E, ao contrário do que diz a Apelada, estes cálculos não são influenciados pelas forças decorrentes do movimento dos veículos e pela ascendência ou descendência da superfície onde os mesmos se deslocavam; tais cálculos apenas envolvem um ponto fixo (que é o poste) e as medidas exactas que resultam do croquis e da matéria de facto, como sejam a distância do local do embate ao poste, a distância daquele local à berma e a medida da berma e dando como certo – naturalmente e porque não temos razões para duvidar disso – que o embate ocorreu, efectivamente, num local que se situa a 9 metros do poste e a 2 metros da berma, como foi referido no croquis, por indicação dos condutores intervenientes no acidente.

Entendemos, por isso, dever considerar-se provado que:

O embate ocorreu pelo menos 2,50 metros antes (tendo em conta o sentido de marcha dos veículos) do enfiamento para o caminho particular referido na alínea I dos factos assentes.

O Apelante impugna ainda a decisão proferida relativamente aos pontos 21, 22, 23, 25, 29 e 30 da matéria de facto provada (que entende deverem ser considerados não provados) e relativamente às alíneas b) a f) da matéria enunciada como não provada.

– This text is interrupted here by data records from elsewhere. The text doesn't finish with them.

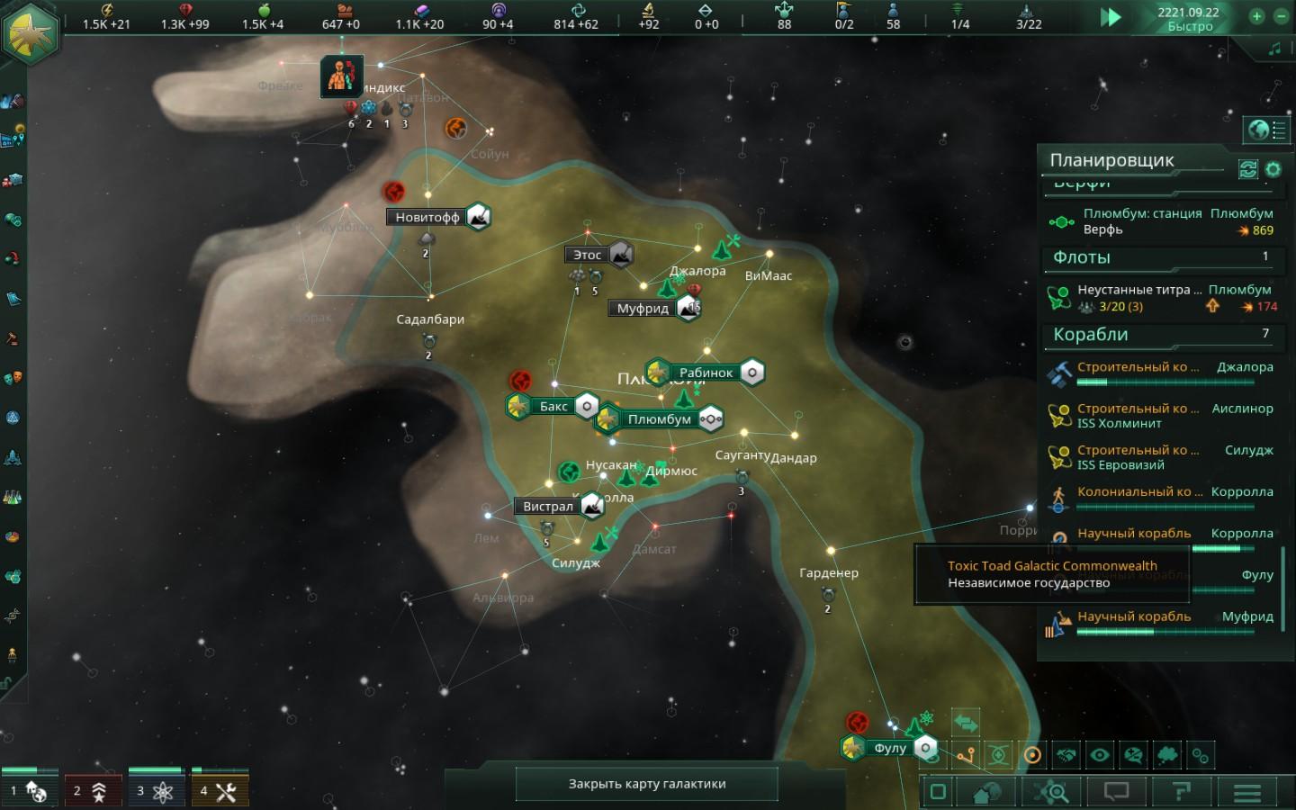 Однако стоит отдать должное разработчикам: на протяжении серии обновлений они умудрились сделать и такую простую боевую систему достаточно интересной. Главным образом за счёт того, что убрали «снежный ком» – это когда игроки строили один огромный флот и катком пролетали на нём по всей галактике. В текущем состоянии игры размер флотов ограничен, а поэтому их необходимо грамотно располагать по разным концам империи, чтобы враг не проник в самый центр через незащищённые границы.
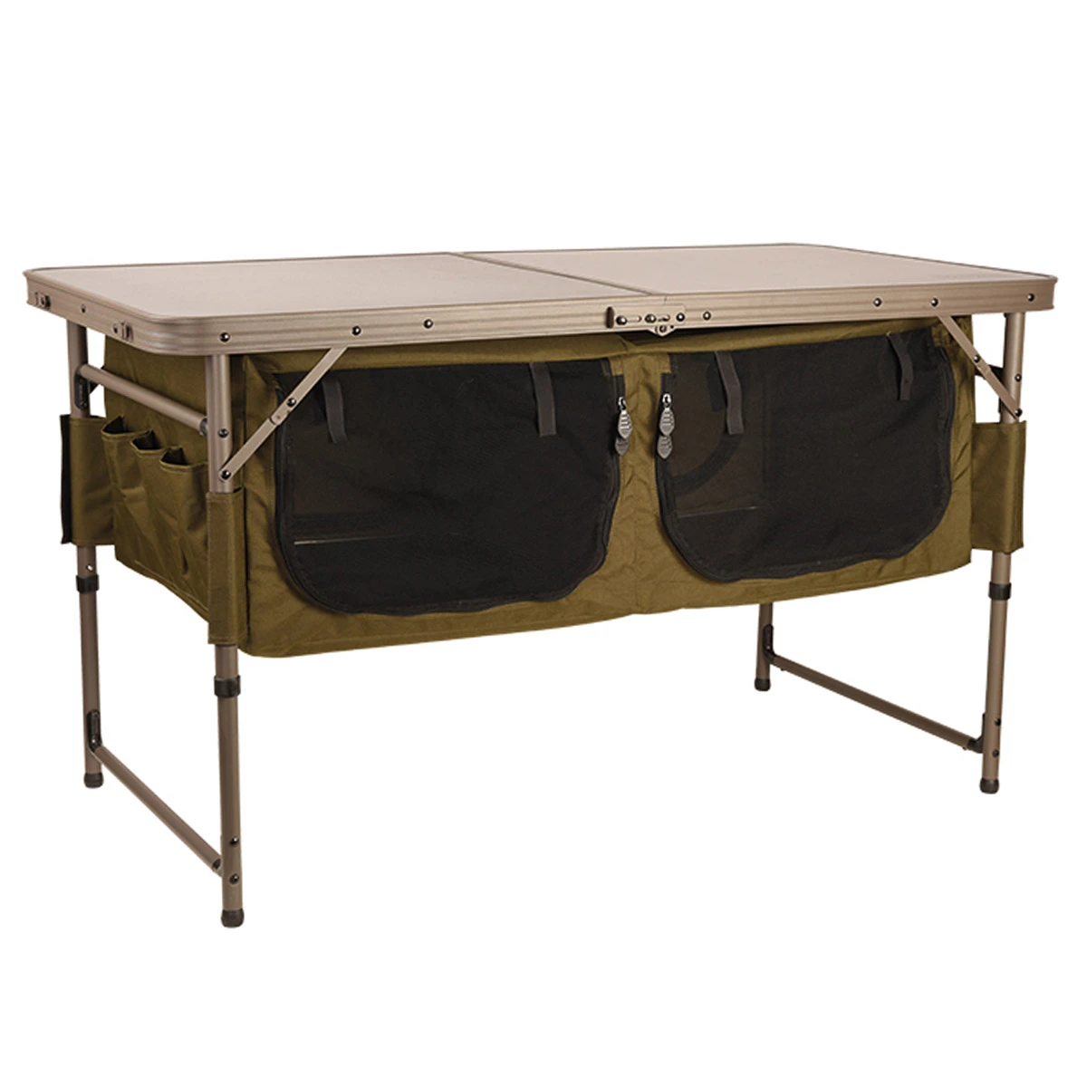 Een 2-in-1 oplossing die een grote tafel combineert met opslagruimte eronder. Deze tafel is perfect om te gebruiken in de grotere bivvies om bijvoorbeeld het kookgerei en ander materiaal in te bewaren.
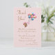 O design de Cartões de agradecimentos plano do tema Urso bonito e balões é a maneira perfeita de obrigado dos seus convidados depois do seu chá de fraldas. Design apresenta a adorável imagem de um ursinho de pelúcia fofinho vestindo um arco rosa e segurando em um monte de balões. As palavras "Obrigado!" são exibidas em letras decorativas no canto superior esquerdo. Abaixo da imagem, seu texto personalizável é exibido em letras douradas. Projetado para coordenar com os convites e acessórios do Cute Bear e dos Balões Temidos.
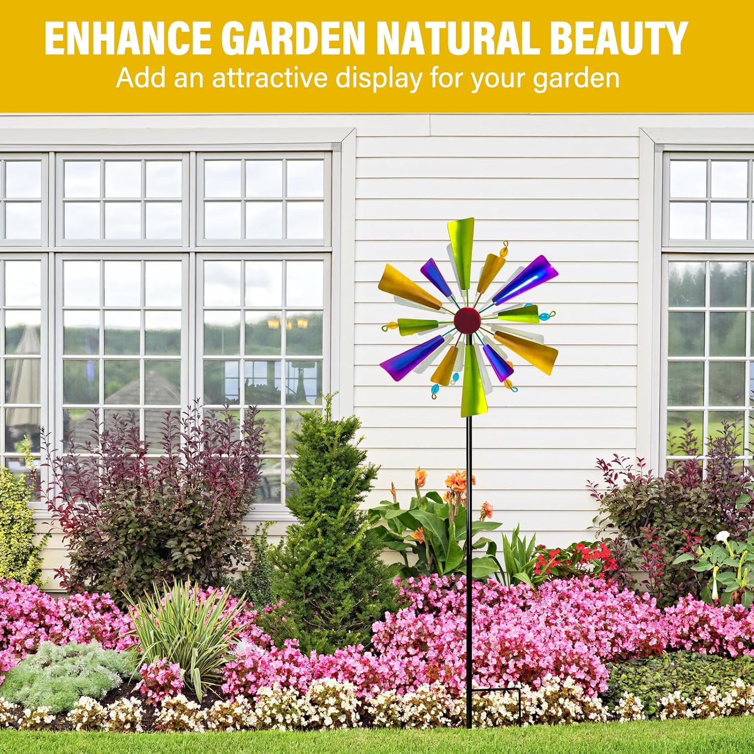 - 【Vibrant Design】Our garden and yard windmill features vivid patterns and natural elements, adding a touch of atmosphere to your outdoor space. The metal windmill rotates with the breeze, creating a serene and relaxing ambiance that helps relieve stress and brings vitality to your everyday life.
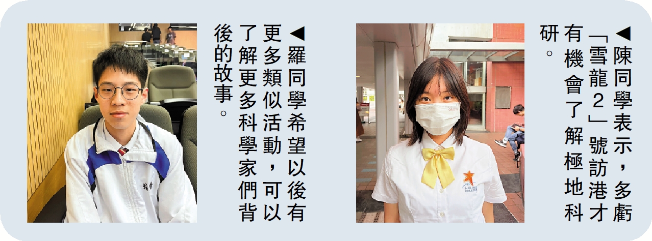 就讀中一的羅同學則認為,專家們分享在極地工作活動的部分讓他印象深刻。「我以前認為極地環境嚴酷寒冷,人們生活會非常艱難,但現在科技發展了,令我驚訝的是他們在『中山站』的活動非常多、非常有趣。」

Pretende, portanto, o Apelante que se considerem provados os seguintes factos:

(b) Ao chegar ao início da recta o condutor do veículo Porsche iniciou manobra de ultrapassagem do veículo Opel;

(c) Previamente accionou e manteve accionados os dispositivos luminosos de pisca do lado esquerdo do veículo;

(d) Quando o Porsche se encontrava a par do Opel este iniciou manobra de mudança de direcção para a esquerda;

(e) E cortou de forma súbita e inesperada a linha de marcha do veículo Porsche;

(f) Sem accionar os dispositivos luminosos de pisca;

E pretende ver considerado como não provados os seguintes factos:

(21) O condutor do veículo Opel começou a circular junto ao eixo da via;

(22) Antes do caminho referido em 10 accionou o sinal pisca;

(23) Olhou para a frente e pelo espelho retrovisor certificando-se que não havia trânsito em qualquer dos sentidos;

(25) Quando o veículo Opel já estava perpendicular à via e a ocupar a totalidade da hemifaixa de rodagem contrária foi embatido pelo veículo Porsche;

(29) Por força do embate o veículo Opel (jeep) foi arrastado alguns metros contra o muro do lado esquerdo da via;

(30) O veículo Porsche seguia a velocidade superior a 50 Km/h.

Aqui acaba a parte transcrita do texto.